It is said the Wittgensteinian faith of the 1970s was dead by the turn of the millennium. There had been something to be said for the faith. To be converted by a philosophical argument with no clear way out is to confront something important. Only by focussing on Wittgenstein’s claim to have dissolved the problems of philosophy is new development possible. If the claim is to be rejected it must first be understood.
Wittgenstein wrote convincingly on Gödel’s (1906 –1978) paradox, but is arguably open to paradox himself. To identify inadequacy in his philosophy, opening possibilities of further development, we may take the notion of philosophical perplexity. Wittgenstein offers a technique for dissolving this. Applying the technique is itself a language game. A state of puzzlement is resolved through contemplating facts about how language is used. This is how the language game is played, there is puzzlement and a way of removing it. Taking language as used as a court of appeal, we have an unlimited number of mutually hostile opinions. Our own game is itself only one of these. How can ours be shown to be better than another which insistently denies it, once that has been formulated? In allowing all language games, we allow the possibility of disastrous paradox.
Focussing on the permissibility of language games we suspend belief in any other guide, which could only be internal to some particular game. To question the idea that there are only language games produces a genuinely depressing sceptical paradox. Any way of discourse has been understood as something like a game which we may or may not play. How can I put restrictions on what is to be said? Is there a point where the method breaks down, and an irresolvable perplexity ensues?
Conceding that Wittgenstein is essentially right in teaching that philosophical problems do spring to a large extent from befuddlement of language, yet the mere form of language can hardly forbid what you can say. Philosophy is given a role in untangling confusion. What security does it give us? We hardly want to conclude that each language game is so self-secure that no criticism can undermine it. What if language turns on itself?
One result of the belief that Wittgenstein had settled all the big questions was a trivialisation of philosophy. Pedantic verbal investigations were held to be valuable and interesting. However not all Wittgensteinians followed that path. An alternative was a shift from solving philosophical problems to justifying “forms of life” in terms of language games, letting in religion via a form of idealism.

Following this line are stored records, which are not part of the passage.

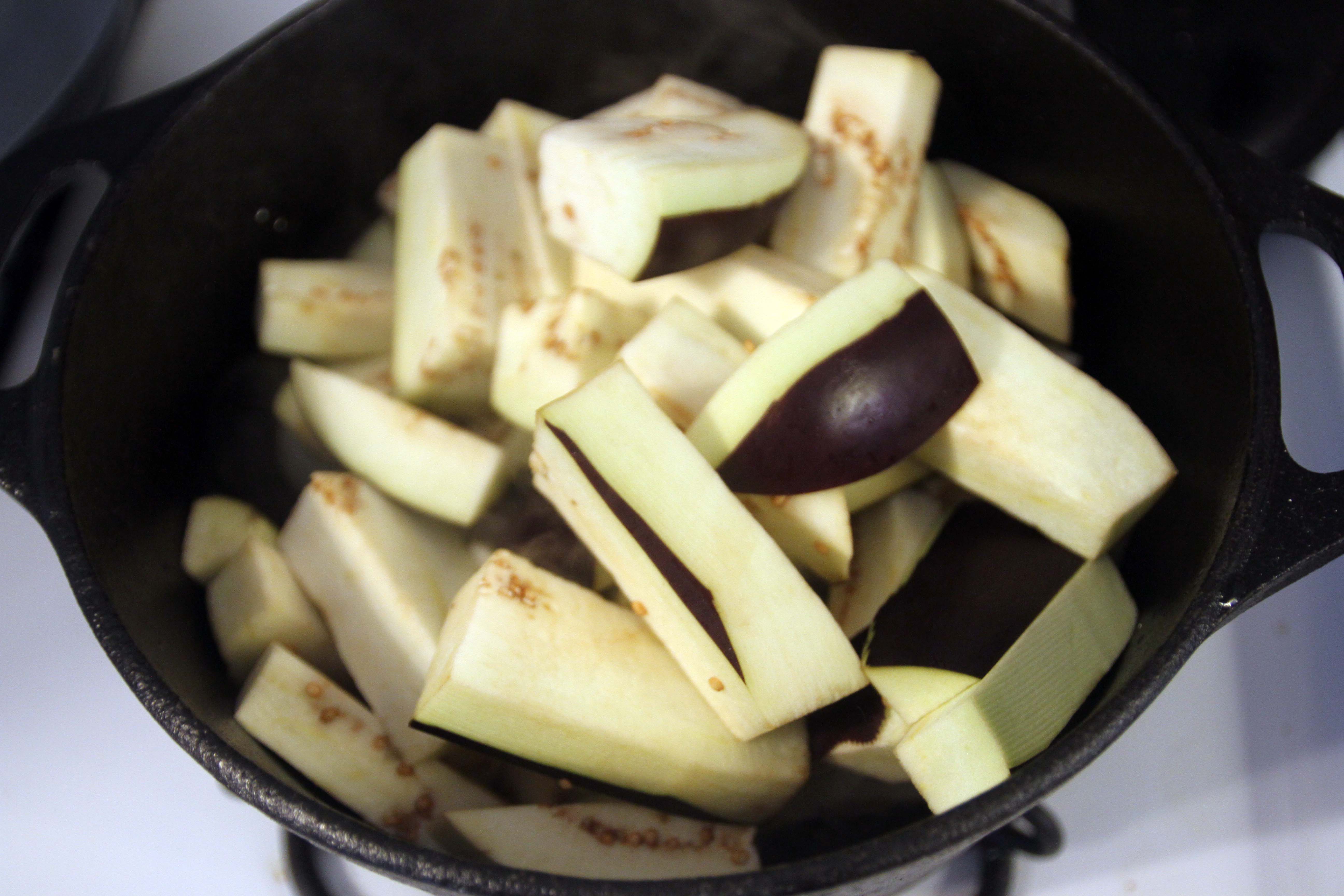 Chop the eggplant into rectangles, roughly 3 cm square, and 8 cm long. Heat a large pot with a cup of boiling water, and place the eggplant in it.
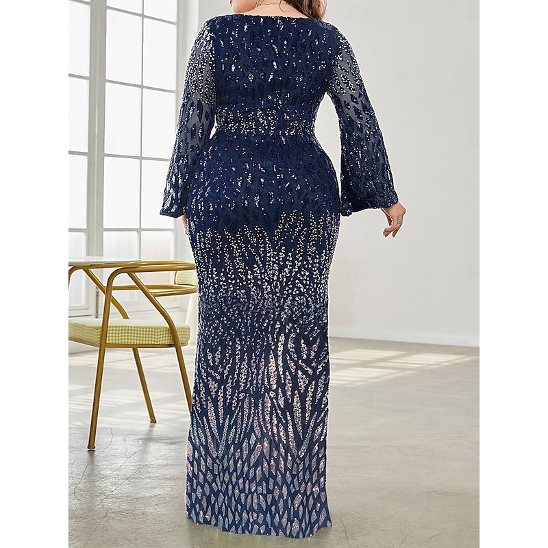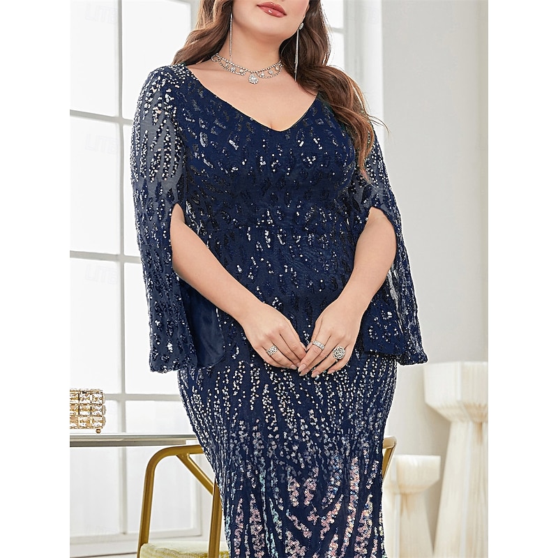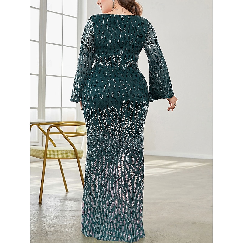 Plus Size Dress Mother of the Bride Curve Dress Elegant Party V Neck Floor Length Spandex Long Sleeve with Sequin 8
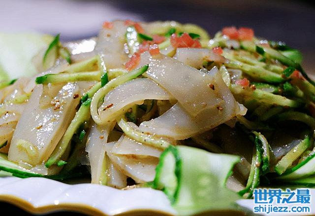 粉皮很多地方都有,有凉拌吃的,也有煮着吃的,亳州的粉皮是用大米、红薯淀粉、绿豆淀粉、马铃薯淀粉等混合调成糊状,然后经过热水筛糊得以沉淀而成。粉皮在亳州既可以在饭店的餐桌上见到,也能够在路边摊里见到,既可以做菜也可以当小吃,是很受欢迎的一道美味。
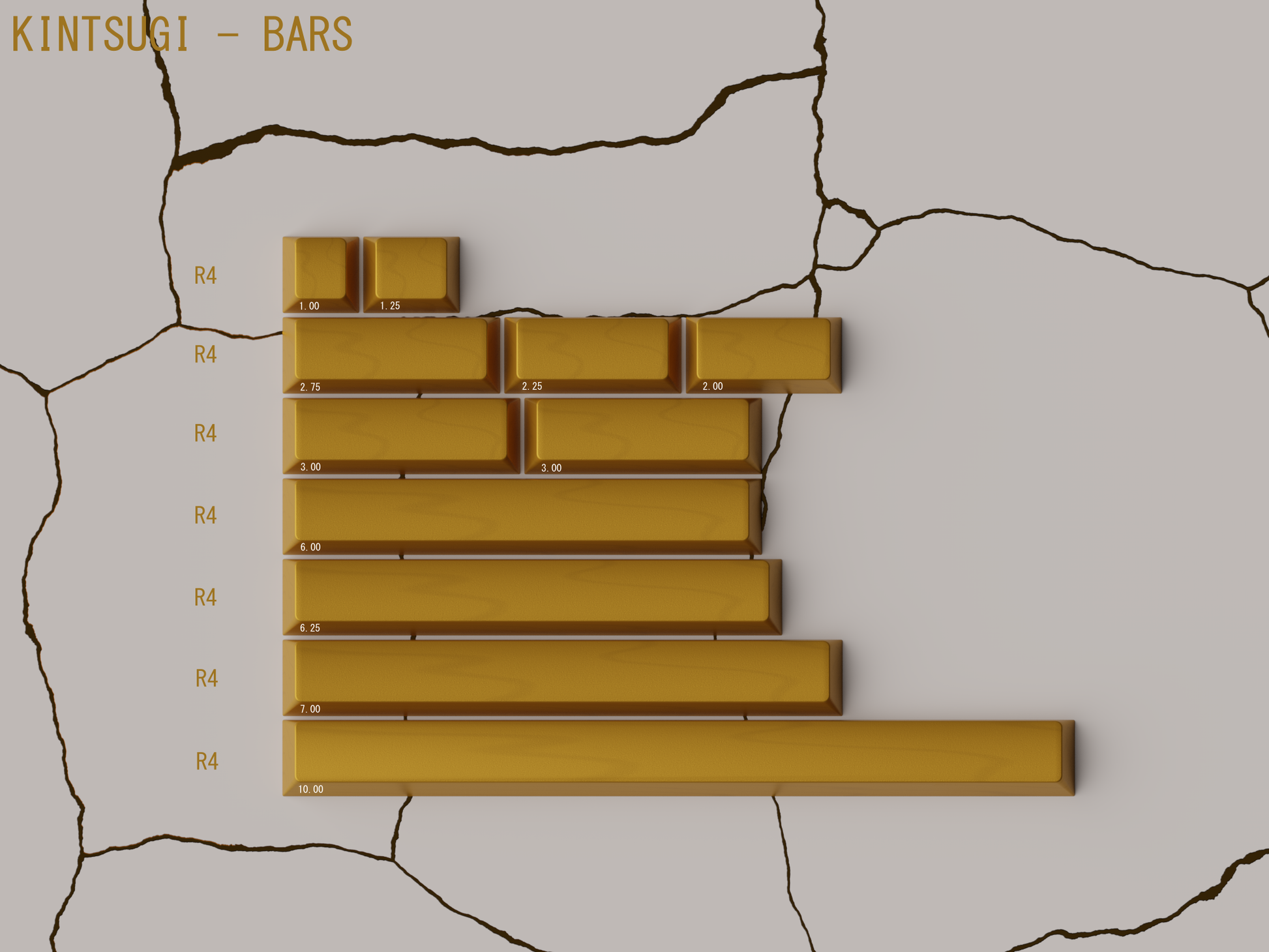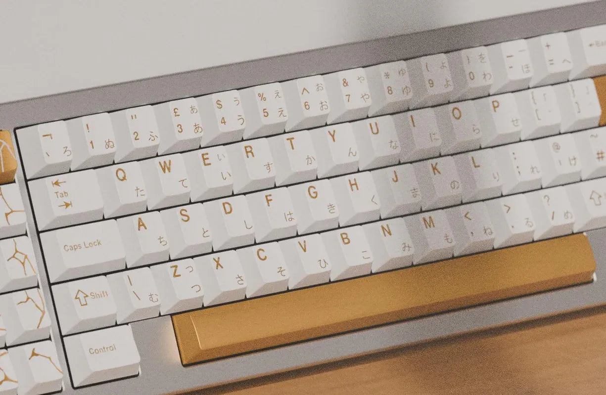Keykobo Kintsugi Shiro features a white base with metallic gold accents. To achieve a striking metallic texture, a special powder is blended with the ABS plastic for the gold accent colors. This powder creates natural "streaks" on the keycap surface, making every set unique with its own distinct pattern.
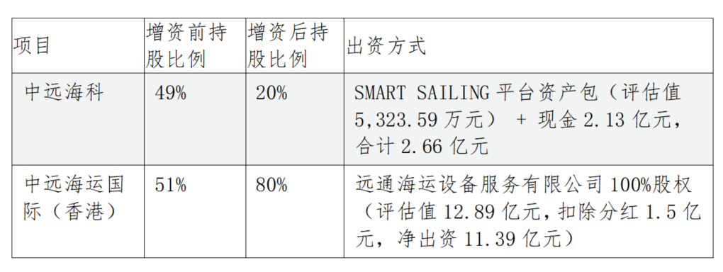 中遠海科(002401)與中遠海運國際(HK0517)香港將以非現(xiàn)金與現(xiàn)金方式共同向中遠海運綠色數(shù)智船舶服務(wù)有限公司注資。增資完成后,船服公司注冊資本由5,000萬元增至5億元。中遠海科(002401)主動放棄部分優(yōu)先認繳權(quán),持股比例由近半數(shù)降至20%,但其仍保留重要股東地位,并通過技術(shù)平臺輸出掌握關(guān)鍵數(shù)字化能力。中遠海運國際(HK0517)香港以持有的遠通海運設(shè)備服務(wù)有限公司100%股權(quán)出資,大幅增強船服公司資產(chǎn)規(guī)模與盈利能力。

Wittgenstein claims to destroy only houses of cards. The corollary of this is that every value that is worth having is capable of being rescued. There is nothing to regret in the destruction of illusions. Whatever joy there was can be salvaged. The philosophical task of the future is to mine the spiritual treasure of the ages. Wittgenstein suggests that error is somehow valuable, and that the cure can leave you better than before. The idea is obscure and has the gnomic character of sage-like wisdom.

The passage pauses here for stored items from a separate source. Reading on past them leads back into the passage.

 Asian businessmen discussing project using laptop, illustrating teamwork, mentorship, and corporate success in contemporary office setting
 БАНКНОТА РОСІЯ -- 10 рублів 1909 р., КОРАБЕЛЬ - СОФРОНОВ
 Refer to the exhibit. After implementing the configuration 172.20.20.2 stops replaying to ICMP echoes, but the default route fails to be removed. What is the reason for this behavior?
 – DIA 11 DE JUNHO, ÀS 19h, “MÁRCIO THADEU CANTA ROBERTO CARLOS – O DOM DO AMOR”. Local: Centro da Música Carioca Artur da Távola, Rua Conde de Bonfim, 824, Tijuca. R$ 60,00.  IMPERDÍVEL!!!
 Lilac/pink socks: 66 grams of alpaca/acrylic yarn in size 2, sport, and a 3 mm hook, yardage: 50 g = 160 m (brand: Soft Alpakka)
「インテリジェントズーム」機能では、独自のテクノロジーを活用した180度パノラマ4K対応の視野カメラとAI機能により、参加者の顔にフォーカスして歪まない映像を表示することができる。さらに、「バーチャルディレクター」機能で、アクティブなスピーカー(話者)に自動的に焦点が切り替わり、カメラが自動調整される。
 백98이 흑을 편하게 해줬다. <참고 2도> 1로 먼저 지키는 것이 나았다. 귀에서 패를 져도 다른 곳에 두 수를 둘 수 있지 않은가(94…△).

Wittgenstein is heavily criticised for his openness to Spengler and Weininger, both intriguing and persuasive writers peripheral to his main thought. He says there are bedrocks of certainty in the values one simply absorbs, which seems true enough. But how far can and should doubt go?
1889 – 1976
Heidegger wants to open up exciting new possibilities. When he talks of the temptation to fall into hearsay, he speaks strongly to people whose experience of life is precisely the constant temptation to live as everyone else lives. Against this “lostness” in the world, he teaches “authenticity”.
He wants to uncover presuppositions that are allegedly at the root of our language, and change them. This is a new take on the familiar dream of recapturing the brilliance and freedom of the ancient Greeks. Heidegger was aware of the objections that naturally occur to us. He states over and over again that he does not mean what his critics might easily take him to mean. One might think there is no need for philosophy to be so complicated. Essential to Heidegger’s claim is that he has something profound to teach us.

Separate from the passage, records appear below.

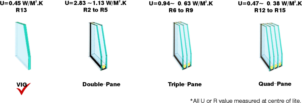 Vacuum insultion is a proven technic to block heat convection and conduction, such as thermos bottles. VIG is made by sealing two pieces glass together with a vacuum layer in between.
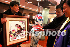 中國工藝美術師、陶瓷專家熊鋼如(左),十二月中旬在北京王府井景德鎮(zhèn)陶瓷城展示他的瓷畫“猴子與桃子”。隨著中國農(nóng)歷猴年的臨近,以猴為形象的工藝品與日俱增。中新社記者:王麗南
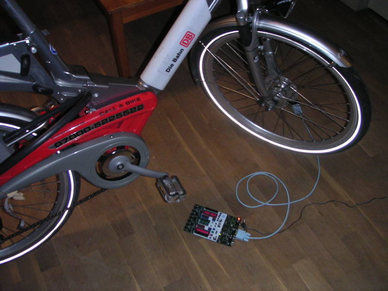 Um ein CallABike in ein HackABike zu verwandeln, mussten wir sechs Schrauben auf der Innenseite des Schlosskastens mit dem Display öffnen und das Kabel des STK500 an den ISP-Anschluss der Platine stecken. Danach haben wir ein Script gestartet, dass das Flash und den EEPROM Bereich ausliest. Das EEPROM wird danach mit zurückgesetztem Counter und dem Flash mit unserer Backdoor wieder zurückgeschrieben. Damit niemand unsere Backdoor auslesen kann, haben wir natürlich noch die Lockbits gesetzt. Ein geschulter Hacker brauchte ca. 12 Minuten, um zwei CallABikes parallel in HackABikes zu verwandeln. Insgesamt wurden knappe 10% der in Berlin verteilten CallABikes in ein HackABike umgebaut indem ihnen eine neue firmware verpasst wurde. Da UISP das Setzen der Lockbits nicht korrekt unterstützte, mussten wir das erstmal einbauen. Dazu haben wir den Output von AVR-Studio mit einem serial sniffer mitgelesen und uns die entsprechenden Kommandos für das STK500 rausgesucht und in UISP eingebaut.
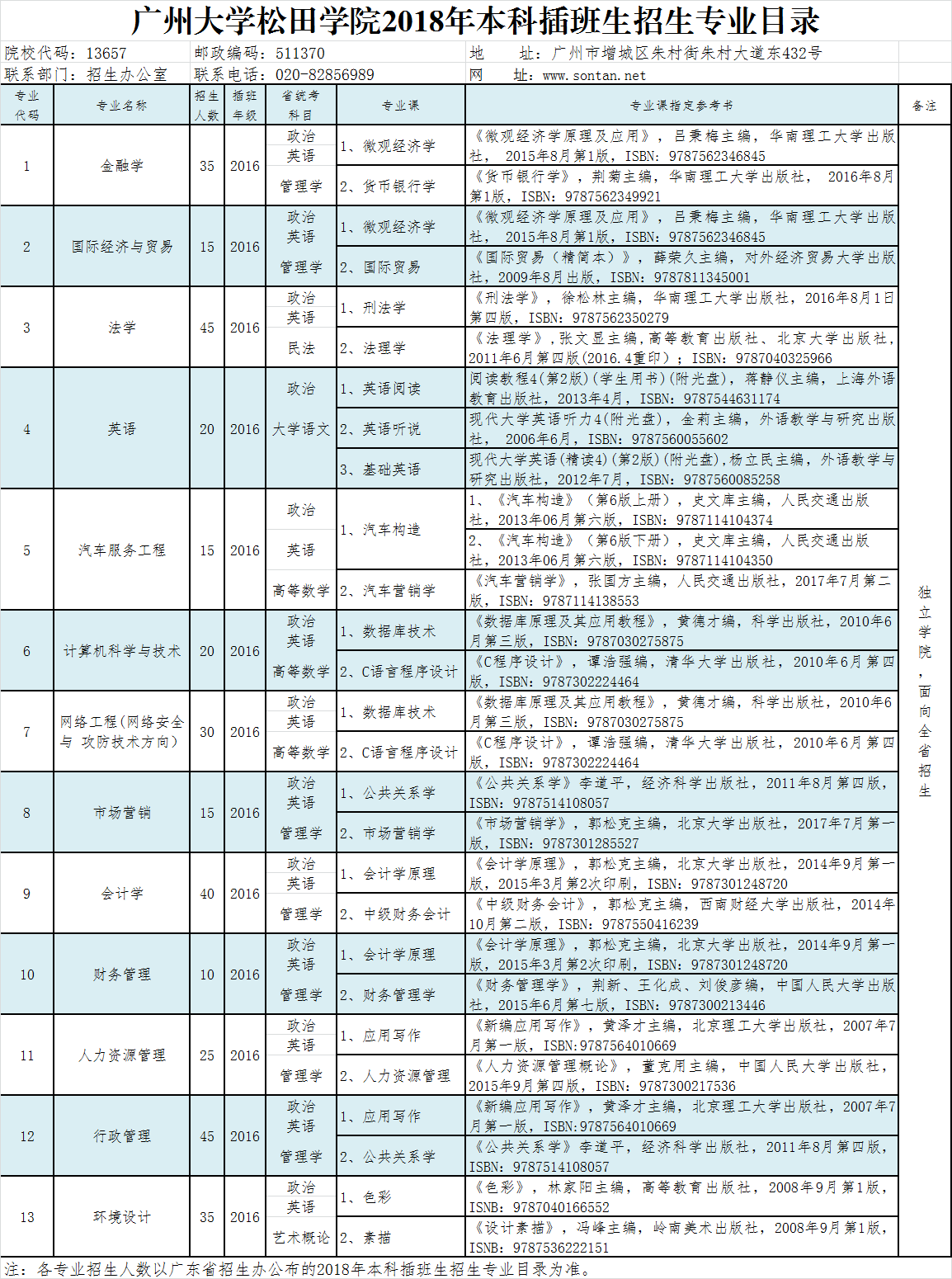 广东专升本 >统招专升本 > 专业目录 > 2018年广州大学松田学院本科插班生招生专业目录
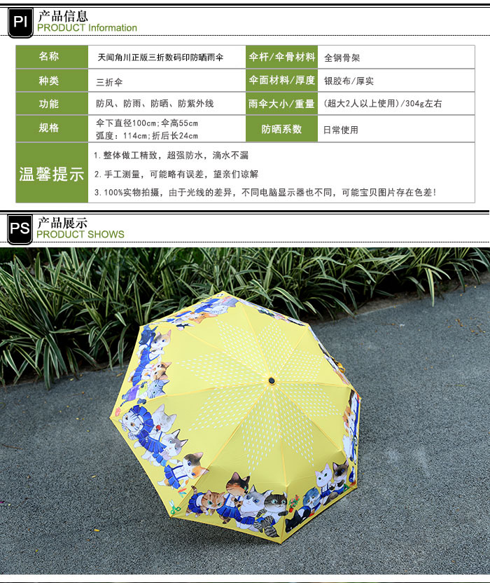 天闻角川正版喵星人西瓜印折叠防晒雨伞

From the viewpoint of traditional grammar or logic his concepts are scarcely simple. They come from the method of phenomenology, making primary what seems far from it. Philosophy becomes mythological.
He reaffirms Yorck von Wartenburg’s criticism of Dilthey, that philosophy should lead scientific enquiry rather than follow it. He attacks Dilthey’s premises, persistently arguing his own “ontological” approach as more fundamental. The phenomenological treatment of the demand for the philosophical guidance on how to live involves preserving an original motivation, to generate a life philosophy that answers some of the obvious objections.
The point of his obscure jargon is to evoke and preserve an experience that otherwise becomes theory laden. Angst is a response to the basic philosophical question of how to live. “Falling” happens when one loses sight of the original problem. Before discovering whether it can be answered one must feel the question in all its disturbingness. Even if I never feel in a state where I have to choose arbitrarily, I may like to think of other people like that. My own choice may be less of what to think and value as what to teach, what to lead with. To identify with this angst can be pleasurable because it brings a feeling of power.
Heidegger’s aspires to guide culture and society. He finds his Archimedean fulcrum in physis. His judgements claim immunity from ordinary logical criticism because his subject matter is the non-logical ground of logic itself. Some questions he doesn’t get beyond posing, so he may feel quite unauthoritarian.
“Existentials” appear in place of traditional categories. Thus our starting point is something already quite complex. It seems possible to ask questions of Being. Constantly keeping this experience in mind is a philosophical method that relates to the torments of some Christian religionists. Heidegger rejects the neoplatonic element in Augustine, what he calls his “hierarchisation”. Like Luther he prefers the primal experience of Paul. The possibility he delineates is a form of creative vision. However, he claims to be not a poet, but a philosopher, an ontologist.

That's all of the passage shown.